After dinner, while Mario takes over Pop’s shoveling duties and we three queens help my mom clean up the kitchen, Detective Dembek returns my multiple calls. Now I have fresh information to share.

“No wonder Priscilla Pembroke looked familiar to me,” the detective says.

“Did you know Lillian Svendsen when she lived here?”

“I knew of her. The Svendsens have always been so prominent in town.”

“Is it true what Peter says, that one day she up and left her husband and kids?” That’s the sort of gossip that would make the rounds for sure.

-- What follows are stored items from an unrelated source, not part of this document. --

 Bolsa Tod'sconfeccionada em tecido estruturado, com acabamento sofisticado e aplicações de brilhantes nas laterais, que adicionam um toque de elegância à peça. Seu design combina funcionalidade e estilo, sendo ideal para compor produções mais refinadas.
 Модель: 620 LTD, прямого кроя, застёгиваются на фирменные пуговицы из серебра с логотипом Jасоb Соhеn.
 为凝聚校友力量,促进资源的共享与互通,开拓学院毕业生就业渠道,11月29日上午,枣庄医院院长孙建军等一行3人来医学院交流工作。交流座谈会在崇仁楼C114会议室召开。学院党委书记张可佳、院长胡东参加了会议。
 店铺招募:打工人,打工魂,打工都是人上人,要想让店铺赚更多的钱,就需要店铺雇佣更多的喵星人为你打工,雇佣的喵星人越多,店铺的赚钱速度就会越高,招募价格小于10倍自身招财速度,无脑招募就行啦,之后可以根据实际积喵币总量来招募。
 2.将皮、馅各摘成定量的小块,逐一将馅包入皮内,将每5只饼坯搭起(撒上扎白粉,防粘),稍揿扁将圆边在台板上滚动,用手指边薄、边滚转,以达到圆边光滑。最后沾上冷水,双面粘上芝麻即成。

“That’s how the story went. And it had to be, oh, twenty years ago.” She pauses, then, “This is another valuable discovery you’ve made, Happy. Now I can justify getting a warrant to go after the mobile carrier.”

To require them to pinpoint Lillian’s location.

“It’ll take time,” Detective Dembek goes on.

“I had an idea that would be quicker. How about we smoke Lillian out? We have Maggie tell Lillian we’re all flying home. Then you have a squad car secretly watch Damsgard. Because I guarantee you Lillian will come back to steal the Erskine.”

Detective Dembek agrees that’s not a bad strategy. “It’s odd to use one suspect to smoke out another but I’ve seen nothing to tie Maggie Lindvig to her sister’s murder.”